The smart play is to let her handle whatever federal attention I’ve brought to her door through her own legal channels.
Leaving my current safe house isn’t necessary, since she knows nothing about it, but I should forget about her existence.
I should follow Leonid’s recommendation without hesitation.
Every survival instinct I’ve developed in this business screams that getting further involved will only make the situation worse for both of us.
Despite that, the image of Lang approaching Celia’s house with federal credentials and hostile intentions makes rational tactical thinking impossible.
Marcus Lang often goes rogue when civilians fail to provide the cooperation he expects.
My organization’s investigations have turned up multiple incidents of him using harassment to achieve his goals.
The house fire he set that killed a family was the worst of his actions that we’ve uncovered so far, but there are more that weren’t fatal but still destroyed lives.
Five years ago, when a dockworker in San Diego refused to reveal information about shipping schedules of a company implicated in a smuggling operation Lang was working, Lang arranged for the man to be arrested on fabricated drug charges that cost him his job and his family’s financial stability.
Two years ago, when a restaurant owner in Los Angeles wouldn’t admit to laundering money through his business, Lang ensured that health inspectors and fire marshals found violations that forced the establishment to close permanently.
Lang uses leverage and intimidation as tools of investigation, applying pressure to innocent people until they provide information or services that advance his goals.

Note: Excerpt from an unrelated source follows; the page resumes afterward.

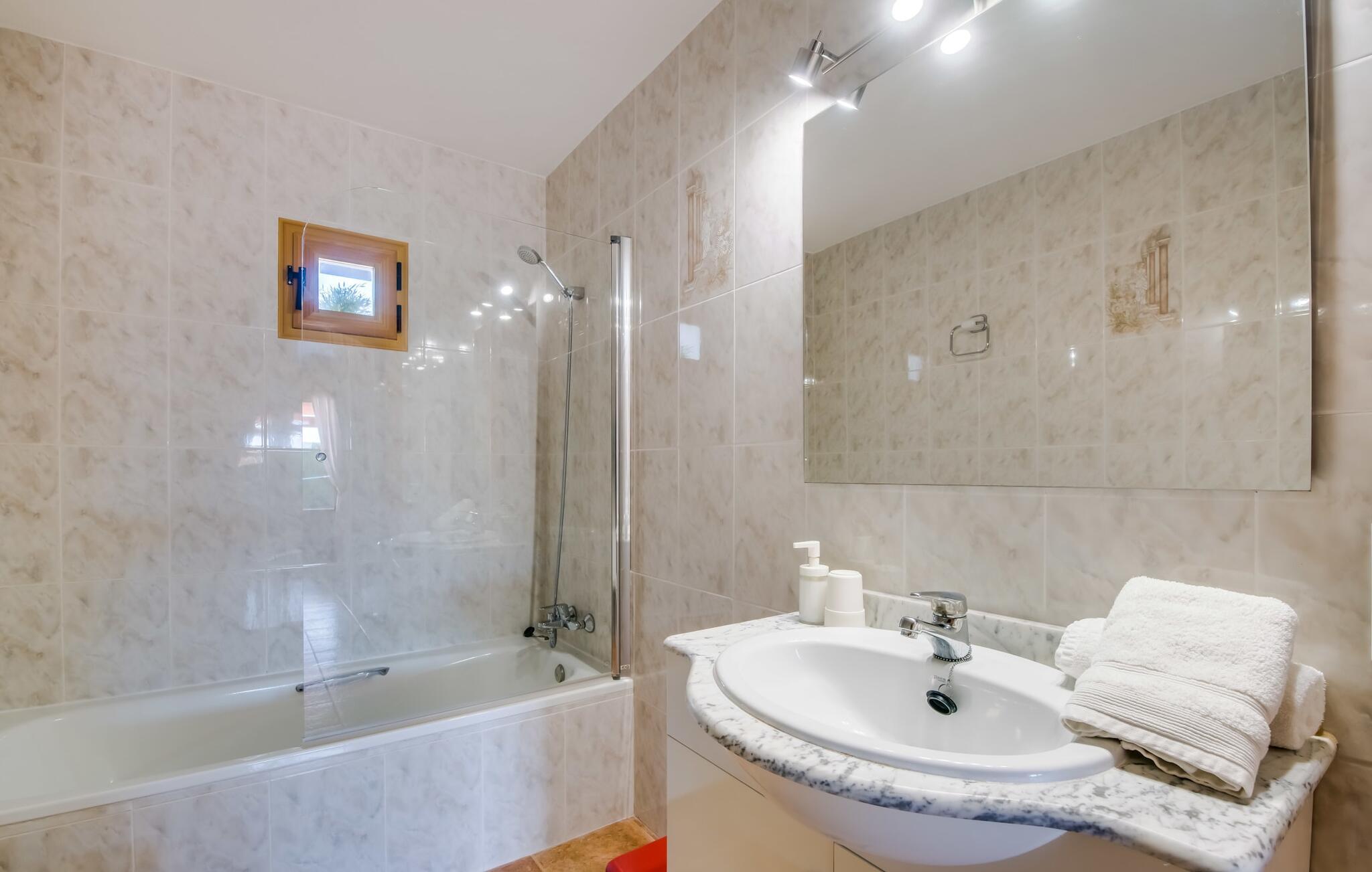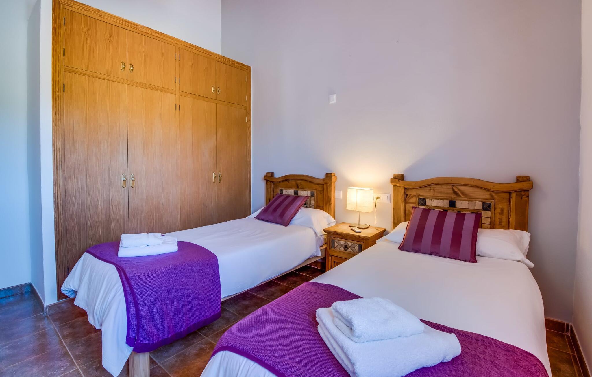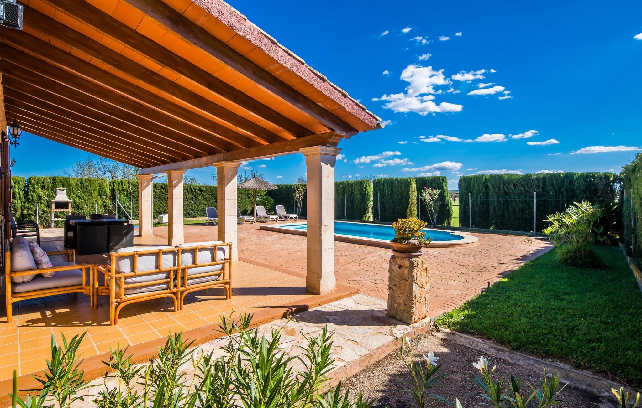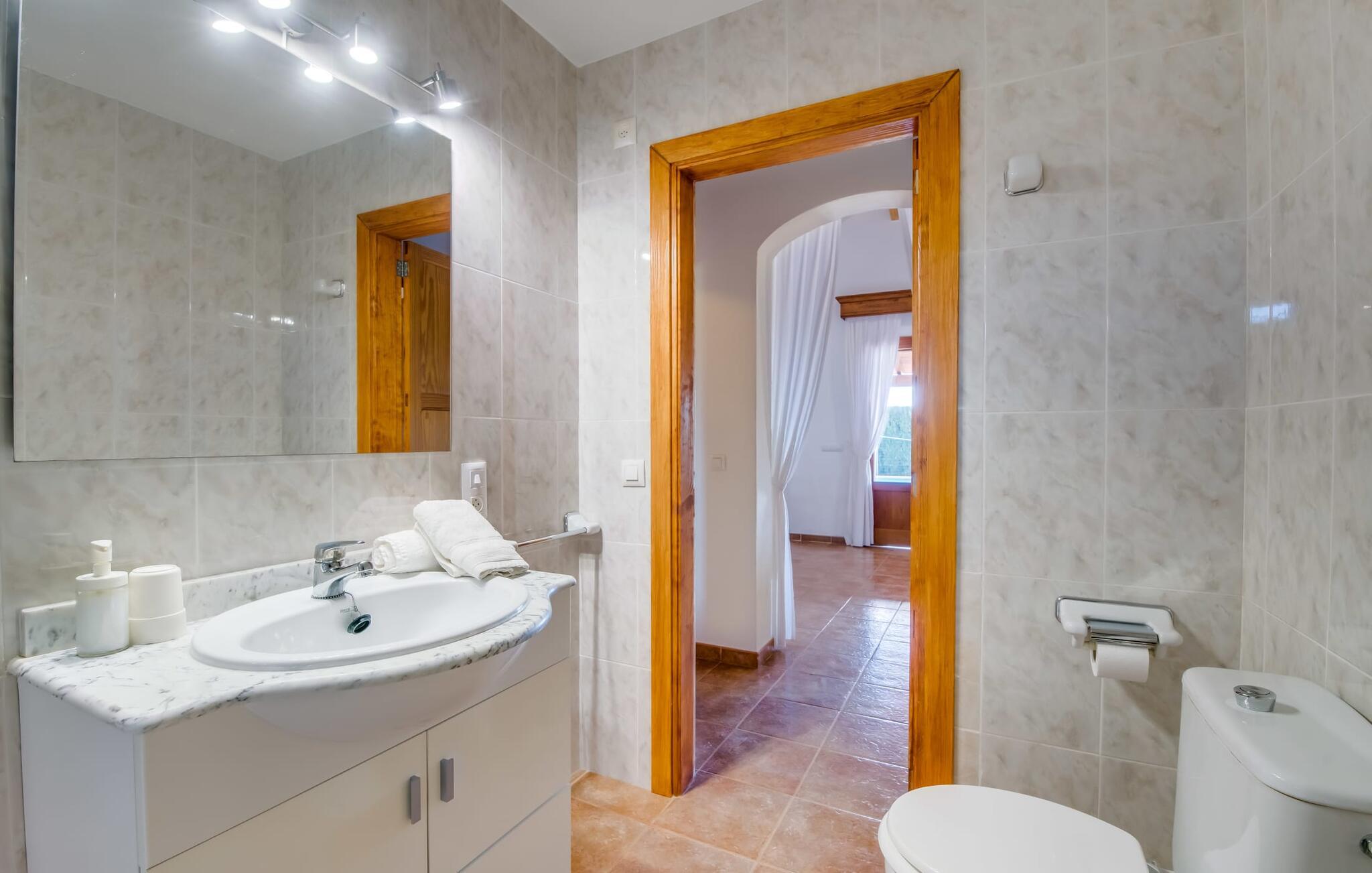 En fortryllende oase midt i naturen og i umiddelbar nærhed af landsbyen Sencelles - sådan præsenterer det indbydende naturstensferiehus sig. Det er også tæt på en anden af vores udbudte ejendomme, Villa "Can Grau". Et smukt, lukket område byder gæsterne velkommen på en venlig måde og giver straks udsigt til haven, som er præget af græsplæner og terrasser, og som i sin kerne rummer det udendørs områdes højdepunkt: swimmingpoolen. Den 8 x 4 m store pool er omgivet af en attraktiv loungeterrasse og er let tilgængelig via trapper. Der er også en praktisk udendørs bruser. På de fire tilgængelige liggestole kan I slappe af i middelhavslyset til jeres hjertes lyst og måske bare nyde fornøjelsen af at lave ingenting. De afkølede møbler på den smagfuldt designede terrasse inviterer jer til at slappe af, ideelt set med en lækker drink. Dette attraktive sted er ideelt til at fejre en kulinarisk grillfest om aftenen og nyde regionale delikatesser, som måske er friskkøbt samme dag. Selve huset er udstyret med to soveværelser med dobbeltsenge, et badeværelse, et fuldt udstyret køkken og en hyggelig stue/spisestue. Dette rum, der er åbent og centralt på samme tid, tilbyder forskellige måder at tilbringe tid her. På den ene side er der en behagelig sofa, som er et vidunderligt sted at hvile på ethvert tidspunkt af dagen. Hvis I ønsker det, kan I også blive underholdt med en film, da fladskærms-tv med satellitforbindelse er installeret på den modsatte væg. På kølige aftener fremkalder den dekorative pejs behagelig varme og en særlig hyggelig atmosfære, hvis det er nødvendigt. Det massive spisebord lige ved siden af er ideelt til indendørs spisning. Køkkenet, som også er placeret her og er løst adskilt af en disk, er udstyret med alt hvad I har brug for hver dag og er rummeligt og praktisk. En kedel og en filterkaffemaskine er kun inkluderet. To individuelt og æstetisk indrettede soveværelser danner grundlaget for en afslappende søvn. Der er to senge, der måler 0,90 x 2,00 m og en, der måler 1,50 x 2,00 m. Badeværelset er malet i lyse farver og har et moderne design med gode faciliteter. Et strygejern og en hårtørrer er til rådighed i huset, så I ikke behøver at bekymre jer om, at de optager bagageplads. Hvis I har lyst til at udforske byen og shoppe, kan I nå større byer som Inca på ingen tid. Dette er et godt sted at købe sko, da denne by har en lang tradition for læder og sko. For en afslappende dag på stranden, prøv den smukke bugt Alcúdia eller Playa del Muro, for blot at nævne to af mange eksempler. Den venlige naturstensvilla "Can Grau Petit" ligger mellem Inca og Sencelles midt på Mallorca. Herfra har I en vidunderlig udsigt over det brede omkringliggende landskab. I Sencelles og Inca kan I nemt gøre jeres daglige indkøb. Ejendommens bekvemme beliggenhed tillader ture til mange af øens strande (som Es Trenc, Son Serra de Marina og Arenal).

He doesn’t hesitate to destroy lives when more conventional approaches fail to produce results, and he’s skilled at making civilian casualties appear to be consequences of their own poor choices rather than systematic harassment.
His actions often get him praised and promoted by the FBI, not shut down and put in his own cell, as he deserves.
If he’s identified Celia as someone with information about my activities, he won’t simply ask polite questions and accept her denials.
He’ll find ways to make her life difficult until she cooperates with his investigation, and he won’t care whether that cooperation is based on actual knowledge or desperate invention designed to make his attention go away.
The thought of Celia facing that kind of systematic harassment because of my poor operational security makes rage build in my chest like pressure in a sealed container.
She didn’t choose to become involved in federal investigations or criminal enterprises.
She offered hospitality to someone she believed was a legitimate businessman, and now she’s paying the price for my deception and carelessness.
My phone buzzes again with another message from Leonid. “ Do not compromise current position for civilian complications. Advise immediate departure from region.”
Leonid understands the realities of this business better than almost anyone, and his advice represents the kind of cold strategic thinking that separates survivors from casualties.